Republican Rep. Dana Rohrabacher of California joined 17 Democratic colleagues in calling for a softening of federal penalties for marijuana use, The Hill reported.
The lawmakers wrote
to President Barack Obama urging a policy change at the Justice Department on how marijuana laws are enforced at the federal level.
"We request that you instruct Attorney General Holder to delist or classify marijuana in a more appropriate way, at the very least eliminating it from Schedule I or II. Furthermore, one would hope that your administration officials publicly reflect your views on this matter," the letter says.
Obama is on record as saying pot smoking is a "vice" and "bad habit"
that he himself engaged in when he was a young man, but that it is not any more dangerous than alcohol.
The attorney general has the authority to declassify drugs under the law.
Rohrabacher was the sole Republican to sign the letter. He told Time
magazine last year that, "If it was a secret ballot, the majority of Republicans would have voted to legalize marijuana a long time ago."

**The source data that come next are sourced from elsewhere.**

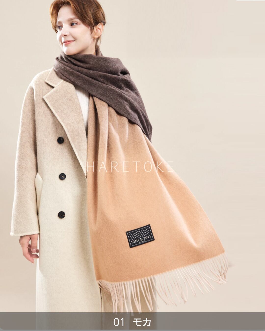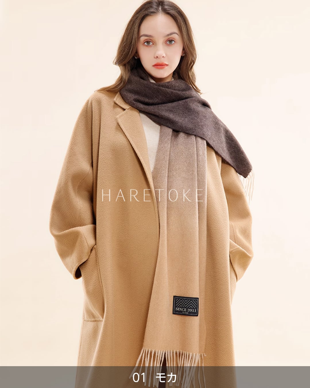 天然の色合いをそのまま活かした無染色グラデーションが、冬の装いに自然な深みを添えます。
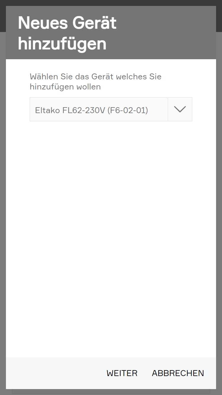 Wenn ein Funk-Lichtaktor eingelernt werden soll, muss im Wizard als Gerät "Eltako FL62-230V (F6-02-01)" ausgewählt und dann auf "Weiter" geklickt werden.
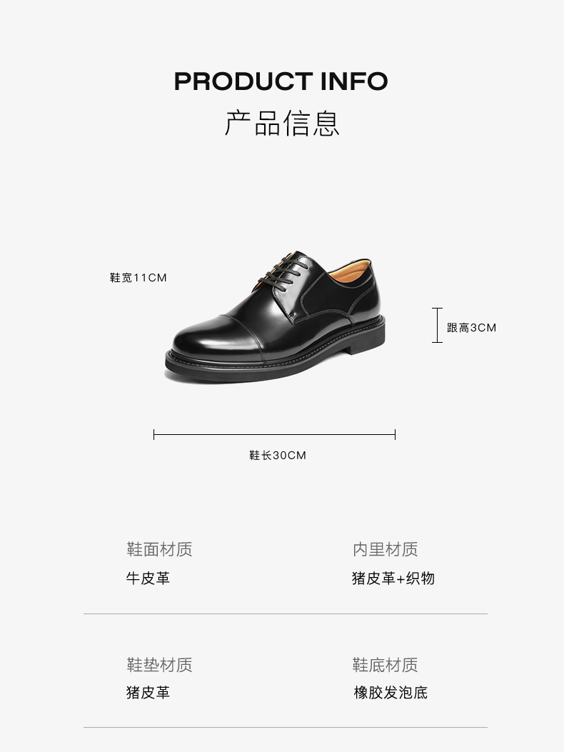 | 风格:商务 | 色系:黑色 | 跟高数值:3CM | 40码鞋宽参考(男):11CM | 性别:男子 |
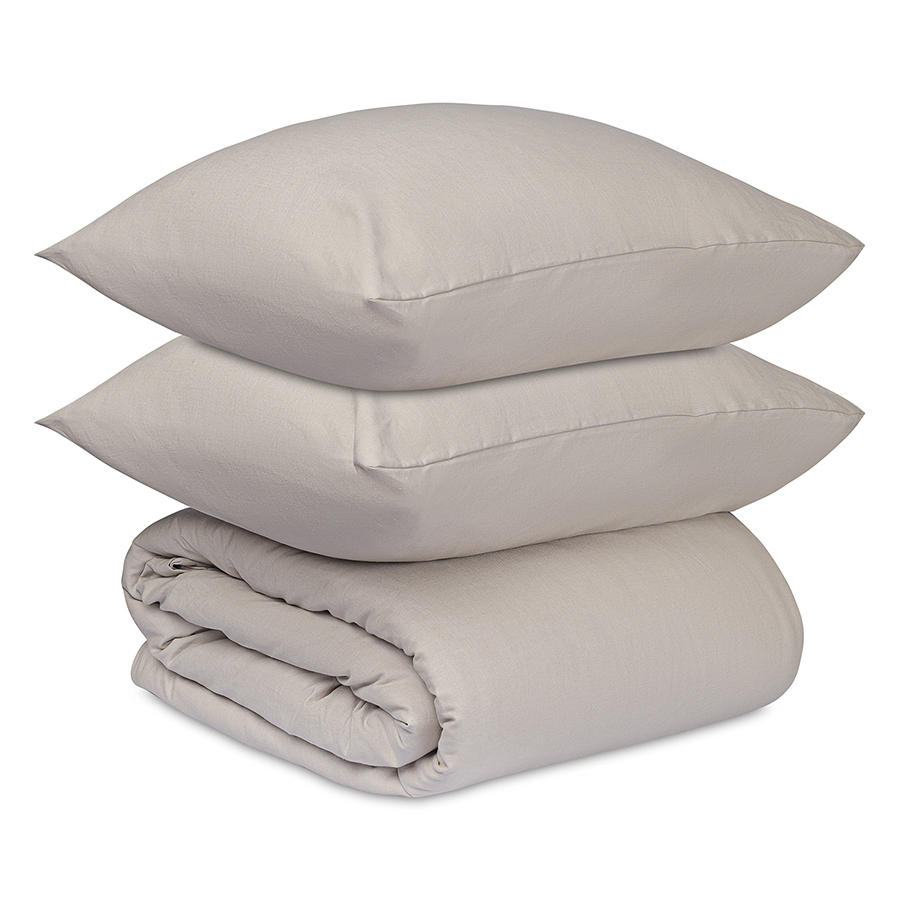 Комплект из двух наволочек и пододеяльника серо-бежевого цвета из коллекции Essential – стильное постельное белье из натуральных материалов высочайшего качества, которое подарит ощущение комфорта во время сна и привнесет в интерьер спальни природную элегантность.
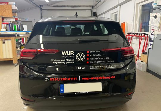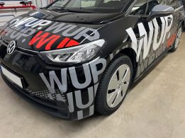 Der VW ID.3 erstrahlt jetzt nicht nur in elegantem Schwarz, sondern trägt eine auffällige Logo-Zeile mit mehrfach wiederholtem WUP-Logo. Diese Gestaltung sorgt dafür, dass der Wagen auf jeder Straße sofort ins Auge fällt – die perfekte Mischung aus Professionalität und Aufmerksamkeit.
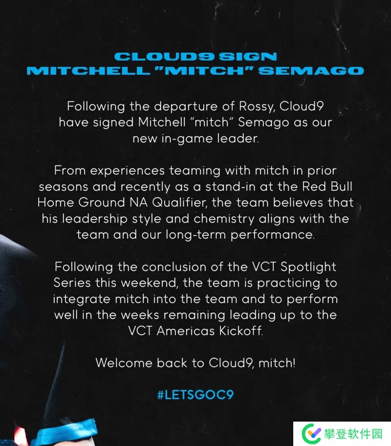VCT AMER赛区C9战队官宣与Rossy解除合同,原文大意如下:
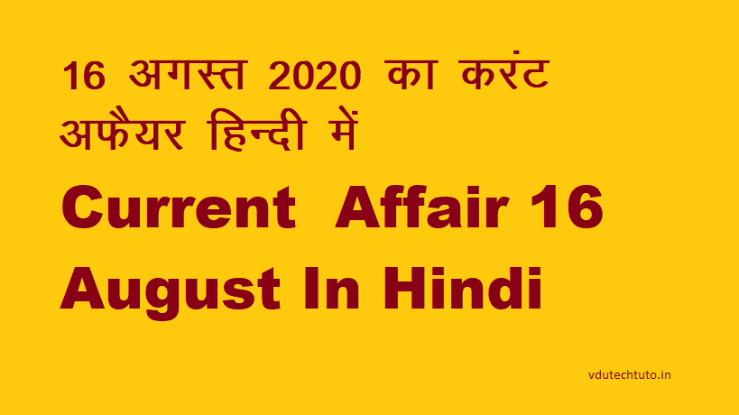 16 August 2020 Current Affairs – 16 अगस्त 2020 का करंट अफेयर ( सामान्य ज्ञान )

Last year, Rohrabacher introduced a bill
that would allow banks to accept funds related to pot sales in those states where the substance has been decriminalized.
Vice President Joe Biden told Time magazine
that the administration has no plans to legalize marijuana.
"I think the idea of focusing significant resources on interdicting or convicting people for smoking marijuana is a waste of our resources," but that there was no change in policy on legalization.
While some GOP lawmakers at the state level
support decriminalization, most Republicans, bucking the overall popular trend
, continue to oppose legalization, polls show.